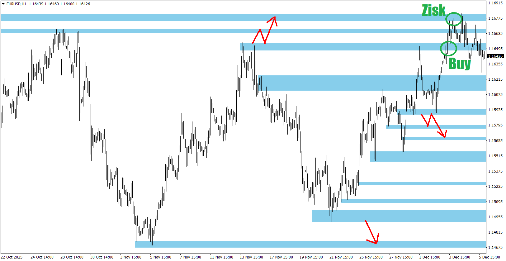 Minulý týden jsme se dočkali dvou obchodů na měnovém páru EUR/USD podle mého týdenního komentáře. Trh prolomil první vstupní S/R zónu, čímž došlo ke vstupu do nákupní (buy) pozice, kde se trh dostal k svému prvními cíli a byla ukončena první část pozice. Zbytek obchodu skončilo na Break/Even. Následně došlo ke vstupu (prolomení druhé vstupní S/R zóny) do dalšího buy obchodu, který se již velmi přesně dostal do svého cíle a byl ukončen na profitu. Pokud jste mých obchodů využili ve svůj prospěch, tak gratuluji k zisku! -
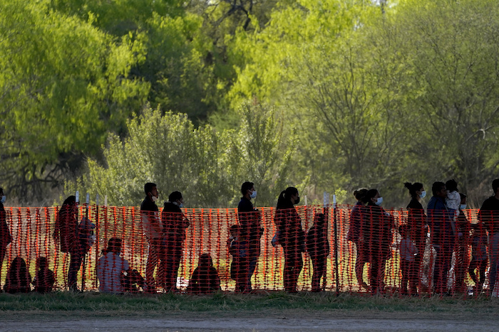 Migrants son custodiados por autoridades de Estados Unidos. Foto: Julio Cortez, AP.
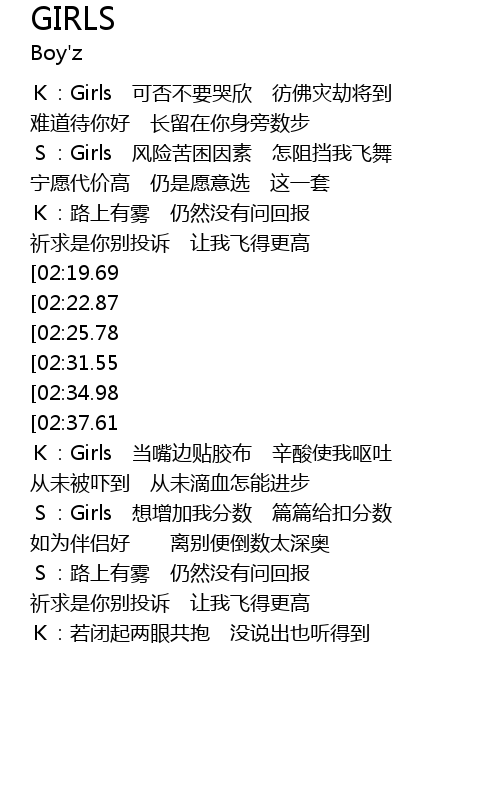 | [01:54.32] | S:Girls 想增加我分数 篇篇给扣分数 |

##############################

_WORK INSTRUCTIONS_
Extract the run of lines beginning with the line that holds "Migrants son custodiados" and ending at the last line of the data, inclusive. Exclude any pictures from the copy.

_WORKED SOLUTION_
 Migrants son custodiados por autoridades de Estados Unidos. Foto: Julio Cortez, AP.
 | [01:54.32] | S:Girls 想增加我分数 篇篇给扣分数 |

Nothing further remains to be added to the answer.